> What to do
The listing below must be repeated word for word, with its images excluded.

> Provided entries

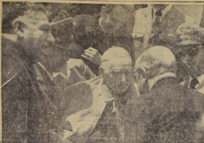
"GRACIAS A DIOS, MUY BIEN". — Cómo llegó Su Eminencia? "Gracias a Dios, muy bien". Este diálogo se repitió ayer muchas veces en la sala del aeropuerto de Los Cerrillos.
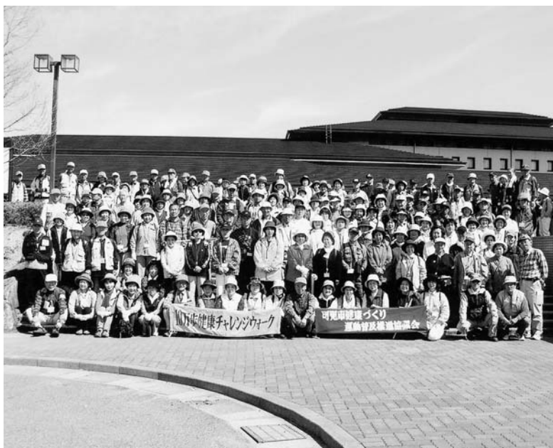
チャレンジウォークに参加した皆さん（昨年4月・桜ヶ丘）
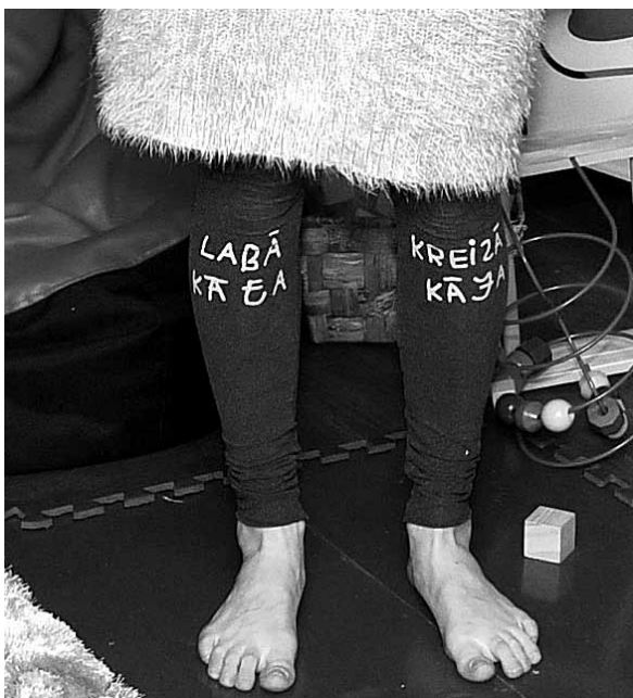
Lai nesajuktu! Aivara Vētrāja teksts un foto
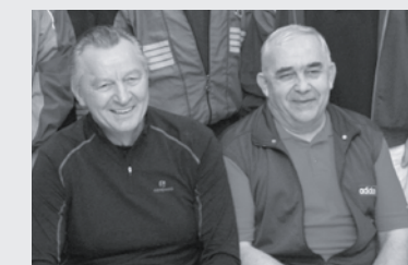
Turniej dwóch Andrzejów 11
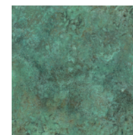
GREEN 真鍮 斑紋ガス青銅色
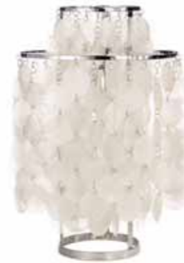
LT0012 Table Lamp

> Solution to this problem
"GRACIAS A DIOS, MUY BIEN". — Cómo llegó Su Eminencia? "Gracias a Dios, muy bien". Este diálogo se repitió ayer muchas veces en la sala del aeropuerto de Los Cerrillos.
チャレンジウォークに参加した皆さん（昨年4月・桜ヶ丘）
Lai nesajuktu! Aivara Vētrāja teksts un foto
Turniej dwóch Andrzejów 11
GREEN 真鍮 斑紋ガス青銅色
LT0012 Table Lamp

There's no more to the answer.